I am UNABLE to start the NameNode from Apache Hadoop-2.0.6-alpha installation I 
am getting the error:

2013-12-03 18:28:23,941 INFO org.apache.hadoop.metrics2.impl.MetricsConfig: 
loaded properties from hadoop-metrics2.properties
2013-12-03 18:28:24,080 INFO org.apache.hadoop.metrics2.impl.MetricsSystemImpl: 
Scheduled snapshot period at 10 second(s).
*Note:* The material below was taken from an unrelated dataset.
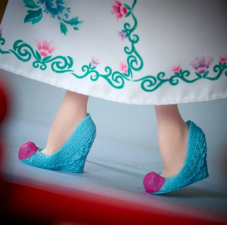Barbie is enchanting in a traditional xifu costume, inspired by the beauty of Peking Opera, a cultural treasure of China and often performed to celebrate Lunar New Year and other Chinese holidays. Her elegant robe in lucky red with a colorful peony print symbolizes good fortune. Her dramatic water sleeves are uséd to create beautiful hand motions and expressions on stage. The look is completed with an ornate headdress with peony accents and cyan blue shoes with pink poms.

2013-12-03 18:28:24,081 INFO org.apache.hadoop.metrics2.impl.MetricsSystemImpl: 
NameNode metrics system started
2013-12-03 18:28:24,576 WARN 
org.apache.hadoop.hdfs.server.namenode.FSNamesystem: Only one image storage 
directory (dfs.namenode.name.dir) configured. Beware of dataloss due to lack of 
redundant storage directories!
2013-12-03 18:28:24,576 WARN 
org.apache.hadoop.hdfs.server.namenode.FSNamesystem: Only one namespace edits 
storage directory (dfs.namenode.edits.dir) configured. Beware of dataloss due 
to lack of redundant storage directories!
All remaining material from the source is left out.